Serum exosomes isolated from glioblastoma patients have been shown to contain immunomodulatory molecules such as transforming growth factor (TGF)-β, antigen-presenting molecules, tumor antigens, and immune intracellular adhesion molecules.9 Incubation of dendritic cells with glioma-derived exosomes can induce T-cell activation and in vitro antiglioma cytotoxicity.10 Although immunization of mice with exosomes derived from a syngeneic murine glioma expressing EGFRvIII results in both EGFRvIII-specific humoral and cellular immune responses, there is no prolongation of survival in established orthotopic models.9 These results are consistent with the immunological presentation of a tumor antigen such as EGFRvIII, but a failure to fully activate antitumor immunity.
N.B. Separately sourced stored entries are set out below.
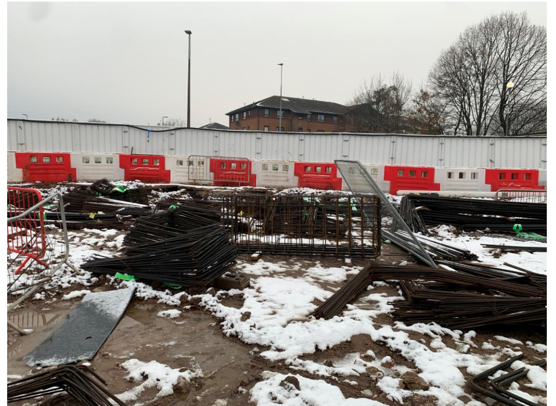
Foundation reinforcement cages being formed and stored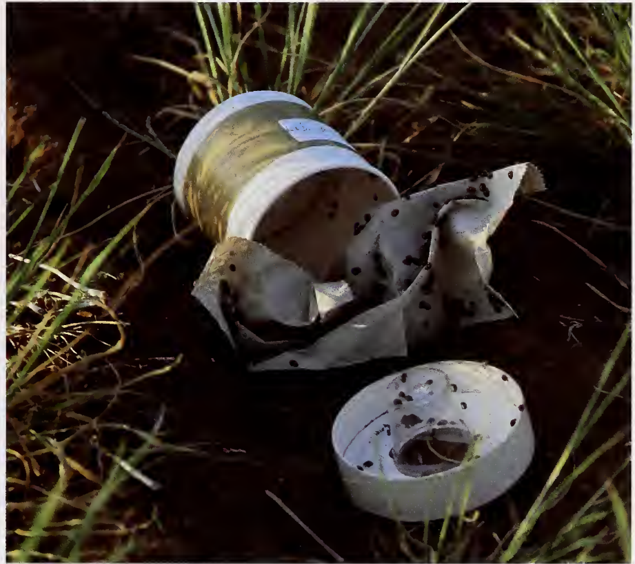
Releasing lady beetle adults in a field of Russian wheat aphid-infested wheat.

In 1987, APHIS began to release two other European lady beetles ( Hippodamia variegata [Goeze] and Propylea quatuordecimpunctata [L.]) that had also become established in northeastern North America. These species were initially released against various aphids to obtain the beetles' establishment throughout North America. Like the seven-spotted lady beetle, these predators are commonly associated with the Russian wheat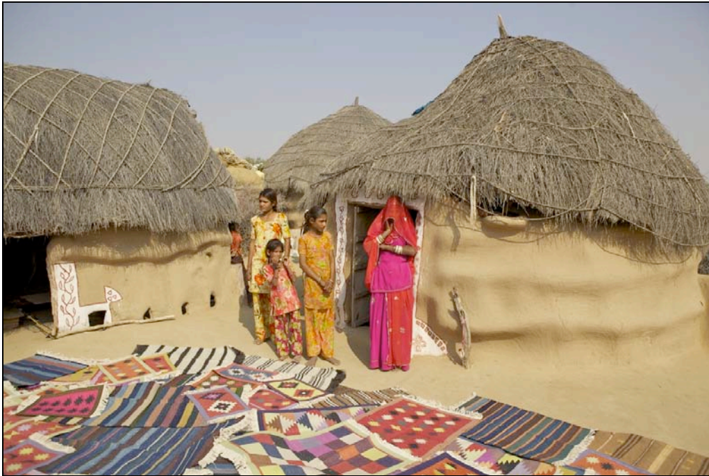
Bishnois Village, Jamba

EXPLORING JAMBA REGION The Bishnoi are known as great conservationists, to whom the protection of animal and vegetable life is a religion. Today we will explore the area in 4-wheel drive vehicles as we meet and photograph Bishnoi villagers and villages. There are also some wonderful opportunities to purchase crafts from local artisans.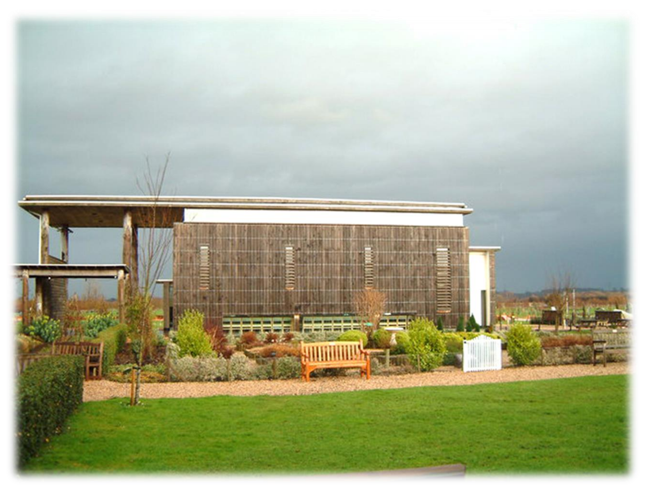
Millennium Chapel of Peace and Forgiveness

Other studies have shown that tumor-derived exosomes are markedly immune suppressive by inhibiting NK-cell tumor cytotoxicity,11 preventing the differentiation of myeloid precursors into dendritic cells,12 inducing T-cell apoptosis by expressing the Fas ligand,13 impairing lymphocyte responses to IL-2,14 and expanding the number of regulatory T cells (Tregs).15 Overall, the evidence indicates that tumor-derived exosomes are immune suppressive and that tumors exploit exosomes to modulate the immune system.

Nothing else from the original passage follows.